Dossier : IMM-1384-98

Ottawa (Ontario), le 5 janvier 1999.

En présence de Monsieur le juge Pinard

Entre :


Tan Thanh NGUYEN,

demandeur,


et


LE MINISTRE DE LA CITOYENNETÉ

ET DE L"IMMIGRATION,


défendeur.


ORDONNANCE

     La demande de contrôle judiciaire est rejetée.


YVON PINARD

                                             JUGE

Traduction certifiée conforme

Bernard Olivier, B.A., LL.B.


Date : 19990105


Dossier : IMM-1384-98

Entre :


Tan Thanh NGUYEN,

demandeur,


et


LE MINISTRE DE LA CITOYENNETÉ

ET DE L"IMMIGRATION,


défendeur.


MOTIFS DE L"ORDONNANCE

LE JUGE PINARD

[1]      Il s"agit d"une demande fondée sur l"article 82.1 de la Loi sur l"immigration, L.R.C. (1985), ch. I-2 (la Loi), visant à obtenir le contrôle judiciaire de la décision, datée du 7 juillet 1997, par laquelle W.A. Sheppit a conclu, en sa qualité de représentant du ministre, que le demandeur constituait un danger pour le public.

[2]      La demande de prorogation du délai applicable au dépôt de la présente demande est accueillie.

[3]      Le demandeur est né à Saïgon (Vietnam), le 2 octobre 1955. Il a deux enfants. Les membres de sa famille ont reçu le droit de s"établir au Canada dans le cadre de la catégorie désignée et ils sont arrivés à Vancouver le 4 janvier 1988. Le 6 février 1992, le demandeur s"est reconnu coupable du meurtre au deuxième degré de son épouse et il a été condamné à l"emprisonnement à perpétuité, n"étant pas admissible à être libéré de façon conditionnelle avant dix ans.

[4]      Le 13 août 1996, un avis d"intention daté du 7 août 1996 a été signifié au demandeur pour l"aviser qu"on demanderait l"avis du ministre, conformément au paragraphe 70(5) et au sous-alinéa 46.01(1)e )(iv) de la Loi, sur la question de savoir s"il constituait un danger pour le public.

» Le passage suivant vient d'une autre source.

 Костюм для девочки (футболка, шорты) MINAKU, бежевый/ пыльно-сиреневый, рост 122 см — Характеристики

L"avis d"intention mentionnait que le ministre pouvait tenir compte des documents suivants :

     - le rapport fondé sur le paragraphe 27(1);

     - le rapport fondé sur le paragraphe 27(1) concernant les faits saillants du cas du demandeur;

     - le visa d"immigrant et la fiche relative au droit d"établissement;

     - la lettre de non-citoyenneté;

     - les documents relatifs à la condamnation;

     - les rapports du Service correctionnel du Canada.

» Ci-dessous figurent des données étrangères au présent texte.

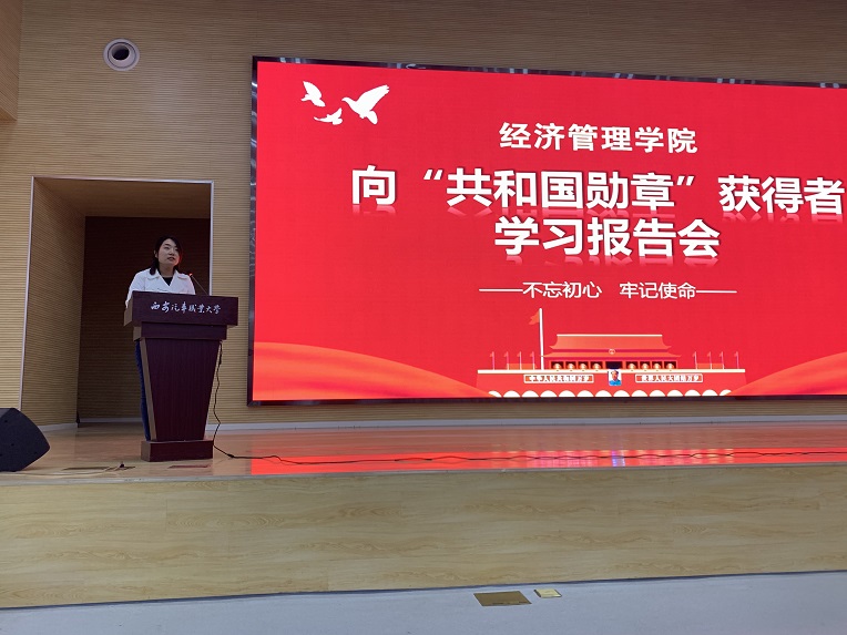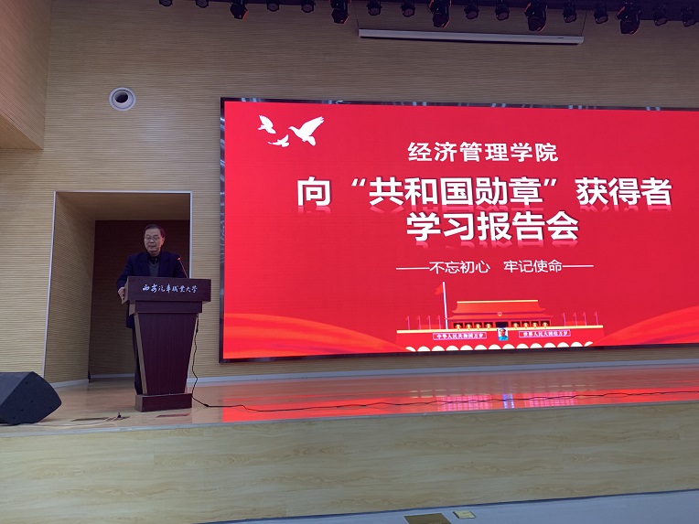 10月12日下午,我校经济管理学院成功举办向“共和国勋章获得者学习”报告会活动,本次报告会是落实我校“不忘初心、牢记使命”主题教育的重要组成部分。报告会由经济管理学院学生党支部书记王荣刚同志主持,李茜副院长、全体辅导员和在校学生参加,学院党总支书记、院长康凯教授出席并讲话。

[5]      L"arrêt de principe sur les avis ministériels concernant la question de savoir si une personne constitue un danger pour le public est l"arrêt Williams c. Canada (M.C.I.) , [1997] 2 C.F. 646. Dans cet arrêt, la Cour d"appel fédérale a dit clairement que les décisions de délivrer un avis en vertu du paragraphe 70(5) de la Loi étaient de nature discrétionnaire et que " ces décisions subjectives ne peuvent pas être examinées par les tribunaux, sauf pour des motifs comme la mauvaise foi du décideur, une erreur de droit ou la prise en considération de facteurs dénués de pertinence ". Monsieur le juge Strayer a souligné, dans cet arrêt, à la page 675 :

         ...Toutefois, la séparation des pouvoirs et les principes ordinaires de retenue judiciaire exigent qu"il incombe à la personne qui conteste une décision discrétionnaire de prouver que cette décision est illégale. Cette preuve peut être facile à faire dans certains cas s"il s"agit d"une décision qui est manifestement absurde, qui est manifestement illégale parce qu"elle se rapporte à des questions qui ne ressortissent pas à la compétence du décideur, ou qui n"est explicable qu"en présumant la mauvaise foi. En l"absence de tels facteurs, c"est à la personne qui demande un contrôle judiciaire qu"il appartient de soumettre des éléments de preuve ou d"invoquer des moyens expliquant pourquoi la décision est illégale...         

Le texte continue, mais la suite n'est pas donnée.